Но зато какое облегчение испытывают все нормальные люди на земле, когда в момент кажущейся неизбежной войны вдруг иногда и политики тоже оказываются нормальными людьми и не ставят собственные амбиции выше всех остальных человеческих жизней.
Так было во время Карибского кризиса. Так произошло и в 1988 году, когда Рональда Рейгана - оказывается, такого симпатичного обаятельного врага № 1 на самом деле несуществующего коммунизма - потрясенные москвичи увидели прогуливающимся по Красной площади под ручку с похожей на дюймовочку женой Нэнси, а они оба как профессиональные актеры от души оценили приветливые улыбки москвичей, совсем не похожие на улыбки, отрепетированные по указанию партии.

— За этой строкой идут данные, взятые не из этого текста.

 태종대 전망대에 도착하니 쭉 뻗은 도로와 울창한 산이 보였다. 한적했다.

Я получил приглашение от руководства Союза писателей СССР в ресторан ЦДЛ на ужин, посвященный высоким гостям с явным комплиментарным намеком и на их принадлежность к так называемой творческой интеллигенции. Первым секретарем правления еще существовавшего тогда Союза писателей СССР был Герой Советского Союза Владимир Карпов - бывший боевой военный разведчик, автор военных мемуаров и редактор журнала "Новый мир", личность центристская, весьма благожелательная к писателям разных направлений. Лично ему я обязан тем, что он пробил мою поэму "Мама и нейтронная бомба" сквозь цензуру, которая находила в ней всякие двусмысленные аллюзии, и с моей подачи помог гениальному фильму Александра Аскольдова "Комиссар" выйти на экран после того, как более 20 лет он пролежал под запретом на пыльной полке.
Этот ужин в честь американского президента был пиком общественной карьеры Карпова, и он был на седьмом небе от счастья.

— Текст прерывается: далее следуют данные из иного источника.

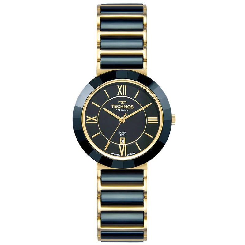 Descrição do Produto: Caixa de Aço InoxPulseira de Aço Inox com detalhes em cerâmica azulFundo RosqueadoResistente à Água 5 AtmDiâmetro / Largura da Caixa: 34.00 MMVidro de SafiraFunções: Analógico, CalendárioMaquina JaponesaAlimentação do Maquinário: BateriaMostrador Azul com algarismos romanosAro Externo Fixo de Cerâmica Azul FacetadoGarantia de 1 Ano

Когда ведущий прием мастер церемоний во фраке и лакированных ботинках торжественно объявил басом церковного дьякона: "Президент Соединенных Штатов Америки Рональд Рейган с супругой!", а через мгновение: "Первый секретарь правления Союза писателей СССР Герой Советского Союза Владимир Карпов с супругой!", я увидел, что у нашего Владимира Васильевича Звезда Героя на лацкане как-то особенно засияла, в глазах блеснули суровые слезинки мужской гордости, плечи доблестно расправились, и его жена, взятая им под руку, величаво поплыла, как пава, в каком-то немыслимом платье, на котором, как из песни о Катюше, упавшие на крепдешин, "расцветали яблони и груши". Я вспомнил рассказ Владимира Васильевича об их первом свидании, когда она, рабочая девчонка, не пришла, сколько он, усыпанный наградами молодой герой войны, ее ни ждал. И вообразив, что она им пренебрегла, гневно и горько заявился к ней в общежитие. А оказалось, что девушка сидит там и ревет, потому что у них с подругой было только одно на двоих праздничное платье, и подруга подвела, где-то запозднилась. Теперь эти времена для нее остались где-то далеко-далеко, и усадивший за стол свою Нэнси президент США Рейган, несмотря на морщины, стройный, подтянутый, как будто только что спрыгнул с коня, благовоспитанно ждал миссис Карпофф, держа ее стул за спинку, чтобы предложить ей сесть рядом с ним. У нее глаза немножко поплыли, но она взяла себя в руки и, благосклонно кивнув президенту, царственно села на предложенный стул, очень по-русски застенчиво потянув юбку книзу. Владимир Васильевич имел полное право гордиться ею. За их столом также находился посол США в СССР
Джек Мэтлок, плюс к профессии дипломата блистательный филолог, переводчик такого наитруднейшего для перевода, ставшего частью русского фольклора русского классика-сатирика, как Салтыков-Щедрин. О чем писал Салтыков? О трусах, думающих, что спрятаться от истории в тину на ее дне - это спасительная премудрость. О бюрократическом болоте, чавкающем проглоченными им людьми. О скаредных лихоимцах, иссушенных сидящим в их кишках, как солитер, стяжательстве. Увы, Салтыков-Щедрин, к нашему общему российскому несчастью, до сих пор остается одним из самых актуальнейших писателей. "Когда же наконец Салтыков-Щедрин устареет?" - иногда молча спрашивал себя Мэтлок, и в ответ мог всего-навсего пожать плечами.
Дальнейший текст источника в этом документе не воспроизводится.